• SUPPLIED RECORDS
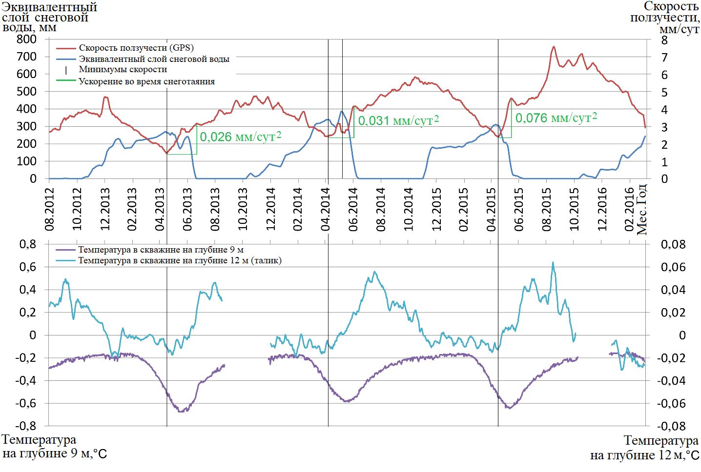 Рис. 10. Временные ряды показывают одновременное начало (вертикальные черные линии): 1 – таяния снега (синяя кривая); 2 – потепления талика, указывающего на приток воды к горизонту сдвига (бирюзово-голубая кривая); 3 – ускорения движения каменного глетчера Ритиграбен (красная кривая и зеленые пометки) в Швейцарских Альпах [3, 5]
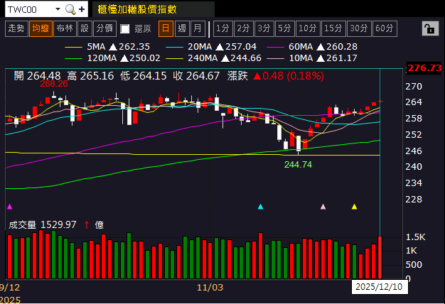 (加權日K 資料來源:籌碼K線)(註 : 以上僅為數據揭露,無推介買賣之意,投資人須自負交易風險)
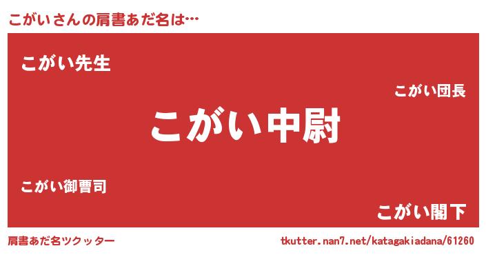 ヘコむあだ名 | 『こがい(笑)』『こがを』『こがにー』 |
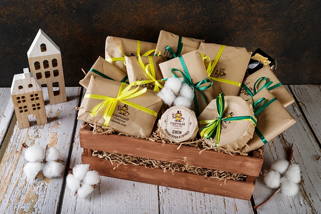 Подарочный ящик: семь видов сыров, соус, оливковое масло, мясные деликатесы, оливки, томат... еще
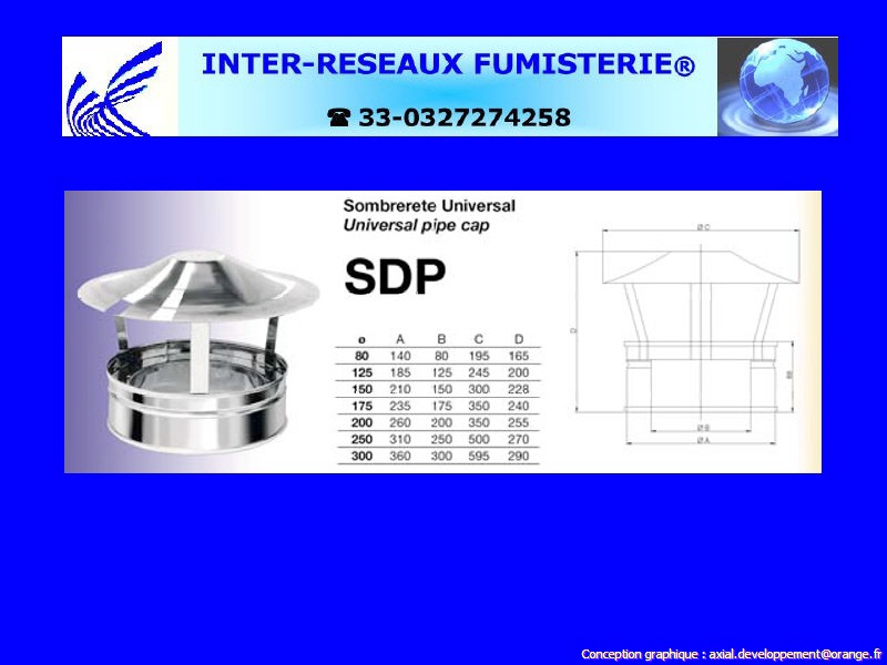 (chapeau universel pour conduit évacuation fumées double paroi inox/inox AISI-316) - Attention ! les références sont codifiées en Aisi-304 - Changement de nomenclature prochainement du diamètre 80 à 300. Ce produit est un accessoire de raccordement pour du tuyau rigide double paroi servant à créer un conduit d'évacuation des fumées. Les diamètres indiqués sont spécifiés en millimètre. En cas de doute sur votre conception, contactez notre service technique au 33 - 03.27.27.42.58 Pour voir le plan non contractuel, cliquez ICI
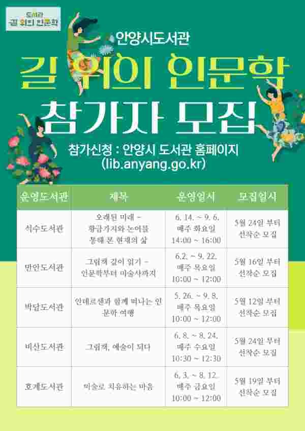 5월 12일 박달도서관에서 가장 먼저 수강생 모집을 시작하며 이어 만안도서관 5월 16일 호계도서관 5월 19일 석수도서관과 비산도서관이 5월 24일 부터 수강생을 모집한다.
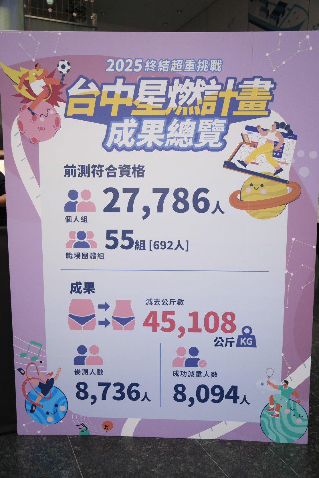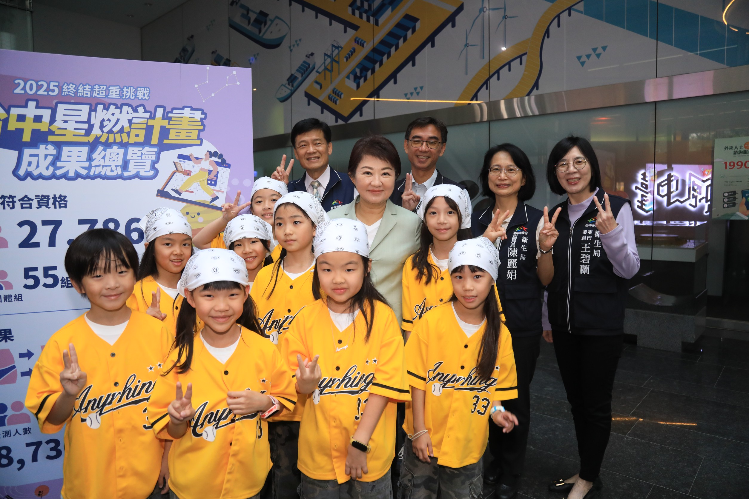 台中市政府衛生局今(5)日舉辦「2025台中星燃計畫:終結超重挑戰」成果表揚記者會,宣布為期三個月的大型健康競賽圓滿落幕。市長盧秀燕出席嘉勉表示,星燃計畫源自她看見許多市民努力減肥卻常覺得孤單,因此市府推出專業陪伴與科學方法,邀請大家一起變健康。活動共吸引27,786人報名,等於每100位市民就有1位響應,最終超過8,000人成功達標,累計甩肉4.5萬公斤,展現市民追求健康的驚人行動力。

--

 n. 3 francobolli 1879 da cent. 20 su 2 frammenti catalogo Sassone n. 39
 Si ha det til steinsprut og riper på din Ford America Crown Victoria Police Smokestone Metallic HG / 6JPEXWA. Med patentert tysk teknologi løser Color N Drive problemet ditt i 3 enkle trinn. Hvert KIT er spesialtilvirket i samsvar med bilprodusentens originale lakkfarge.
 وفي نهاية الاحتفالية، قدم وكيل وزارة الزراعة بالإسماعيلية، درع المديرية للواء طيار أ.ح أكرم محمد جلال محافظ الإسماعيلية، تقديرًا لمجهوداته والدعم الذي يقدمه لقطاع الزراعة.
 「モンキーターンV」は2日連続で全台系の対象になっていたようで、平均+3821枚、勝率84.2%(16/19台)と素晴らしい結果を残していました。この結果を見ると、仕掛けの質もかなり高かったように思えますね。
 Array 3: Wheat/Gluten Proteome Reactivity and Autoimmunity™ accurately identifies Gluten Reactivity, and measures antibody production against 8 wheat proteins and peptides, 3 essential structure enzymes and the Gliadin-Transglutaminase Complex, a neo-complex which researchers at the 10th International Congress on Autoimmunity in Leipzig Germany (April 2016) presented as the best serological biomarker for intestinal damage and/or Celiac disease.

---

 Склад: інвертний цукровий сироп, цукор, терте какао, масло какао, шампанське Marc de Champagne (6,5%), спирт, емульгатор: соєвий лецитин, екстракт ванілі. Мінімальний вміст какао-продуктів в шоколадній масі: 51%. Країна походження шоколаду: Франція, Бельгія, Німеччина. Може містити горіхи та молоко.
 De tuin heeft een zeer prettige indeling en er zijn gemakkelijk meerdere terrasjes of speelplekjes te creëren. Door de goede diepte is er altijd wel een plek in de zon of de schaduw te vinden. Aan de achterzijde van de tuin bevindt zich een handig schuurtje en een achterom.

• WORK REQUEST
In the entries above, which lines run from the one with "(chapeau universel pour" up to and including the one with "台中市政府衛生局今(5)日舉"? Write them out exactly, without the pictures.

• ANSWER TO THIS TASK
 (chapeau universel pour conduit évacuation fumées double paroi inox/inox AISI-316) - Attention ! les références sont codifiées en Aisi-304 - Changement de nomenclature prochainement du diamètre 80 à 300. Ce produit est un accessoire de raccordement pour du tuyau rigide double paroi servant à créer un conduit d'évacuation des fumées. Les diamètres indiqués sont spécifiés en millimètre. En cas de doute sur votre conception, contactez notre service technique au 33 - 03.27.27.42.58 Pour voir le plan non contractuel, cliquez ICI
 5월 12일 박달도서관에서 가장 먼저 수강생 모집을 시작하며 이어 만안도서관 5월 16일 호계도서관 5월 19일 석수도서관과 비산도서관이 5월 24일 부터 수강생을 모집한다.
 台中市政府衛生局今(5)日舉辦「2025台中星燃計畫:終結超重挑戰」成果表揚記者會,宣布為期三個月的大型健康競賽圓滿落幕。市長盧秀燕出席嘉勉表示,星燃計畫源自她看見許多市民努力減肥卻常覺得孤單,因此市府推出專業陪伴與科學方法,邀請大家一起變健康。活動共吸引27,786人報名,等於每100位市民就有1位響應,最終超過8,000人成功達標,累計甩肉4.5萬公斤,展現市民追求健康的驚人行動力。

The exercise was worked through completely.